В. Дени. Учредительное собрание. Плакат.
Между двумя партиями
В дни Октябрьской революции "матрос-партизан" со своими бойцами занял Адмиралтейство, а потом штурмовал Зимний - без эпических киношных сцен они тихо влезли в окна первого этажа и арестовали юнкеров. Когда в Москве восстание обернулось уличными боями, на помощь красным послали эшелон с моряками, которыми командовали Ховрин и Железняков. Но пока они добирались до второй столицы, бои прекратились, и балтийцы успели только "пощипать буржуев".
Едва успев навестить родных, Анатолий получил приказ следовать с отрядом в Харьков, где тоже надо было устанавливать Советскую власть. Обвешанные гранатами и пулеметными лентами матросы превратились в настоящих рейнджеров революции, наводивших ужас на целые города. В соседнем с Харьковом Чугуеве Железняков явился на заседание городской Думы и потребовал немедленно передать власть большевикам, угрожая подорвать гранатой себя и всех присутствующих.

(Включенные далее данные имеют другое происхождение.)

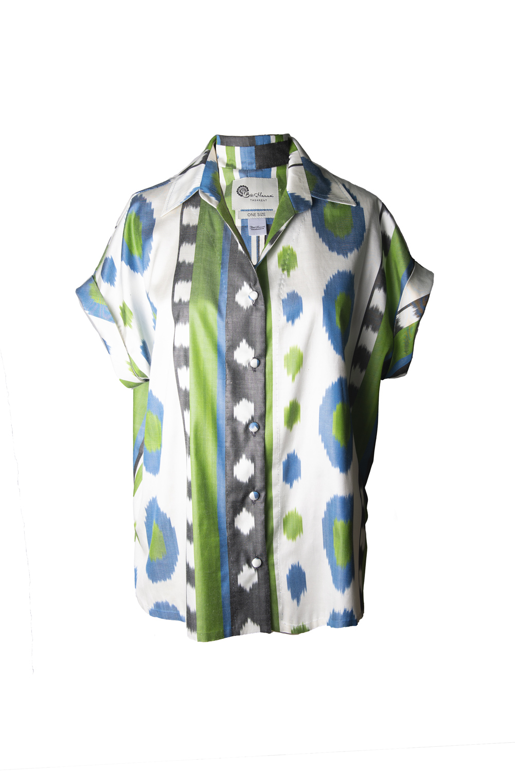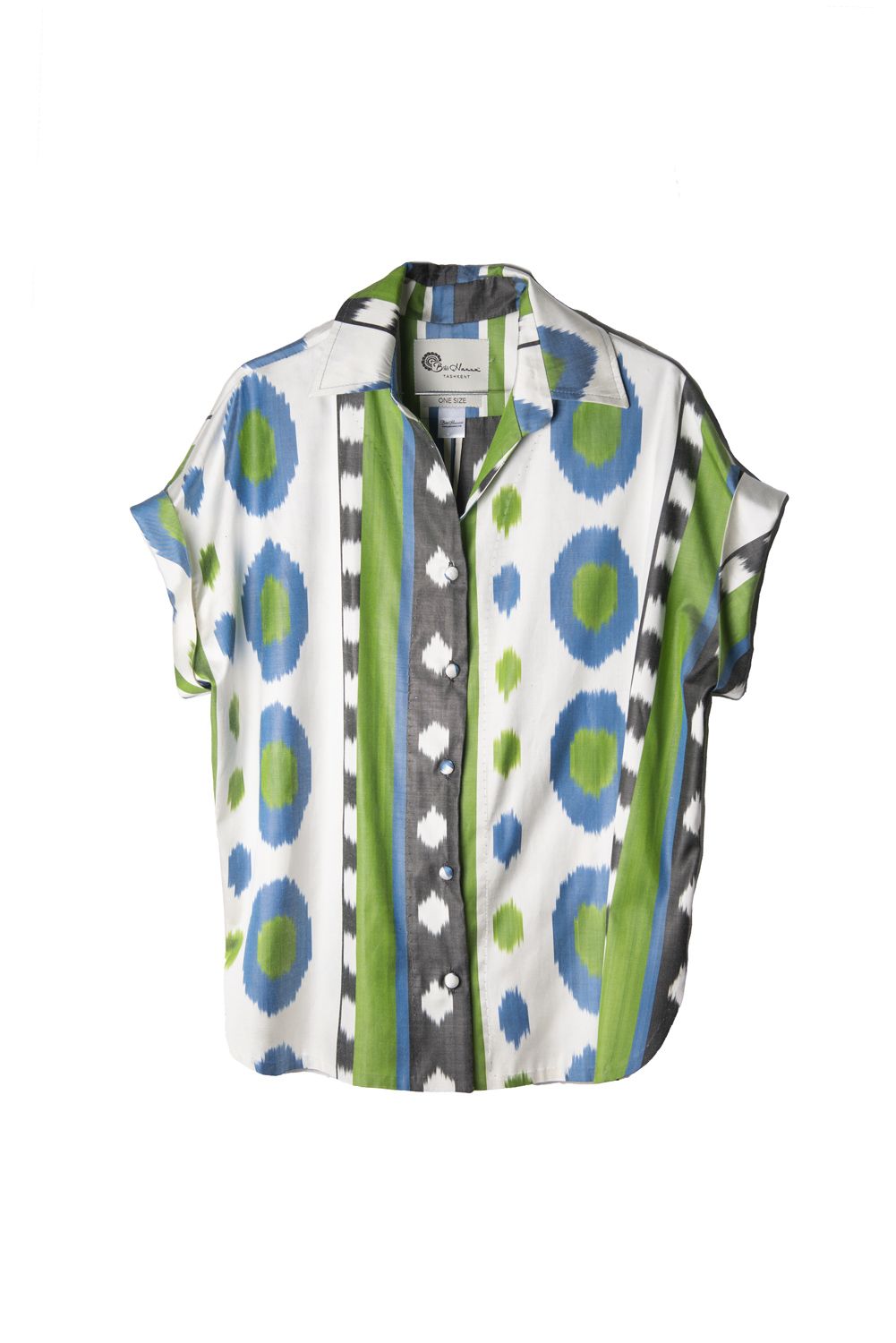This one-size button-down shirt is a graceful blend of heritage and ease. Cut from handwoven silk ikat, it brings together two distinct patterns — carefully paired to create a subtle harmony only true artisans can achieve.

После январского разгона Учредительного собрания партия доверила ему новое задание - отбить наступление румын на Бессарабию. Железняков вместе с новым другом Григорием Котовским решительно взялся за дело, но Брестский мир спутал им карты: пришлось срочно бежать от наступавших немцев. Анархисты выступили против мира, и в апреле их столичные ячейки были разоружены. После нелегких раздумий Анатолий остался с большевиками, но затаил недовольство. Летом 1918-го его отряд перебросили на Южный фронт, где на красных напирали казаки атамана Краснова. Железняков стал командиром полка в дивизии Васо Киквидзе - отчаянно смелого грузина, с которым тоже свел дружбу. Вместе они отличились не только в боях, но и в притеснениях и убийствах мирных жителей, зачисленных в "классовые враги".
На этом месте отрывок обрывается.